Opheffing van mentorschap wegens afwezigheid van noodzaak

In deze zaak heeft het Gerechtshof Amsterdam op 4 november 2025 uitspraak gedaan over de opheffing van het mentorschap van de betrokkene, geboren in 1988 te Marokko. De kantonrechter had eerder, op 17 januari 2025, het verzoek van de appellanten tot opheffing van het mentorschap afgewezen. De appellanten, bestaande uit de betrokkene en zijn bewindvoerder, zijn in hoger beroep gegaan. Tijdens de zitting op 22 augustus 2025 werd duidelijk dat de betrokkene stabiel is en geen mentor meer nodig heeft. De betrokkene heeft goede contacten met zijn netwerk en ontvangt adequate medische zorg. Het wijkteam stelde dat het mentorschap nog steeds van waarde kan zijn, maar het hof oordeelde dat de noodzaak voor het mentorschap niet langer aanwezig is.
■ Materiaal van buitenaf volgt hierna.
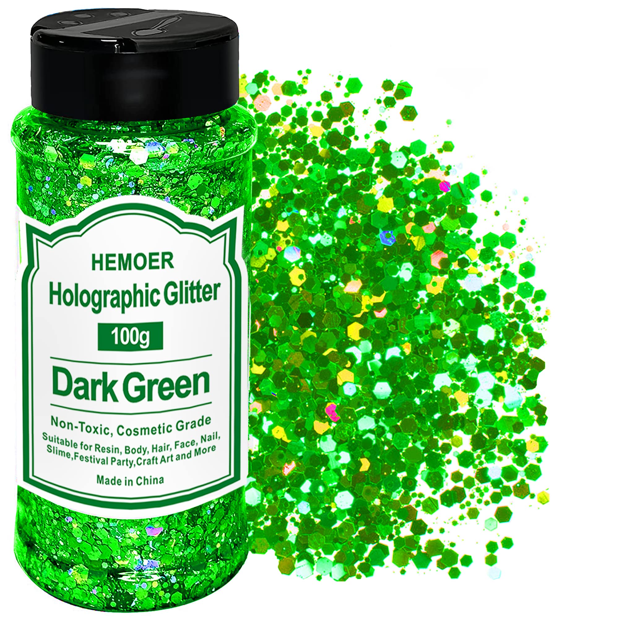 ?? Chunky Glitter has many usage purposes: suitable for face, body, eyeshadow, lips, cheeks, make-up, nail art, etc. or for decorating your house, from cell phone covers, glasses, greeting cards, body art, handicrafts, etc.Consists of PET material, is non-toxic and does not damage body or skin.is not dull under solvents such as epoxy resin or nail polish.?? Holographic glitter: Different sizes of sparkling glitter and hexagon are mixed to give brilliant holographic light.The sparkling glitter in mixed sizes offers endless opportunities for beauty and makes them an eye -catcher for every occasion.?? Practical and environmentally friendly packaging: thick glitter is delivered in transparent, sealed bottles that are durable and difficult to lick.It is convenient to close again after use, it is environmentally friendly and does not waste.? High quality chunky glitter: Chunky glitter is made of high-quality material and holographic and light shine, which is durable enough for long use, would not break.You can use hair-hair spray or glitter primer to extend the duration of the sequins.You can easily remove all glitter effects with water or a mild make-up remover.?? Chunky Glitter hat viele Verwendungszwecke: Geeignet für Gesicht, Körper, Lidschatten, Lippen, Wangen, Make-up, Nagelkunst usw. oder zum Dekorieren Ihres Hauses, von Handyhüllen, Brillen, Grußkarten, Körperkunst, Kunsthandwerk usw. ?? Sicher genug: Unser Glitzer besteht aus PET-Material, ist ungiftig und schädigt weder Körper noch Haut. wird unter Lösungsmitteln wie Epoxidharz oder Nagellack nicht stumpf. ?? Holographischer Glitter: Verschiedene Größen von funkelndem Glitter und Sechsecken werden gemischt, um brillantes holographisches Licht abzugeben. Der funkelnde Glitter in gemischten Größen bietet endlose Möglichkeiten für Schönheit und macht Sie zu einem Blickfang für jeden Anlass. ?? Praktische und umweltfreundliche Verpackung: Dicker Glitzer wird in transparenten, versiegelten Flaschen geliefert, die langlebig und schwer zu lecken sind. Es ist bequem nach dem Gebrauch wieder zu verschließen, es ist umweltfreundlich und verschwendet nicht. ? Hochwertiger Chunky-Glitter: Chunky-Glitter besteht aus hochwertigem Material und holographischer und leichter Glanz, der für einen langen Gebrauch haltbar genug ist, würde nicht brechen. Sie können Haar-Haarspray oder Glitter-Primer verwenden, um die Dauer der Pailletten zu verlängern. Sie können alle Glitzereffekte leicht mit Wasser oder einem milden Make-up-Entferner aus dem Gesicht entfernen.HEMOER Holographic Chunky Glitter, Dunkel Grün 100g Chunky Pailletten Glitter, Craft Glitter für Harz, Gesicht, Nagel, Körper, Kunsthandwerk, Slime Festival Party Art, Glitzerpuder für Nägel Glitzer Dunkelgrün

Het hof heeft de beschikking van de kantonrechter vernietigd en het mentorschap opgeheven, met de conclusie dat de belangen van de betrokkene ook zonder mentorschap voldoende gewaarborgd zijn.

Uitspraak

GERECHTSHOF AMSTERDAM

Afdeling civiel recht en belastingrecht
Team III (familie- en jeugdrecht)
zaaknummer: 200.353.114/01
zaaknummer rechtbank: 11432812 EB VERZ 24-12693
beschikking van de meervoudige kamer van 4 november 2025 in de zaak van
[betrokkene] ,
hierna: de betrokkene,
en
[bewindvoerder] ,
hierna: de bewindvoerder,
appellanten in hoger beroep,
hierna gezamenlijk te noemen: de appellanten,
beide wonende te Amsterdam,
advocaat: mr. S. IJntema te Amsterdam.
Het hof heeft daarnaast als belanghebbenden aangemerkt:
- Detmar Bewindvoeringen (hierna: de mentor);
- [de moeder] (hierna: de moeder);
- [de vader] (hierna: de vader);
- [de broer] (hierna: de broer);
- [de zus] (hierna: de zus).
Als informant is aangemerkt:
- [X] Wijkteam (hierna: het wijkteam).

1.De zaak in het kort

1.1
De zaak gaat over de vraag of het mentorschap over de betrokkene moet worden opgeheven.
1.2
De kantonrechter in de rechtbank Amsterdam (hierna: de kantonrechter) heeft in een beschikking van 17 januari 2025 (hierna: de bestreden beschikking) het verzoek van appellanten tot opheffing van het mentorschap afgewezen.
De appellanten zijn het daar niet mee eens en willen dat het mentorschap alsnog wordt opgeheven.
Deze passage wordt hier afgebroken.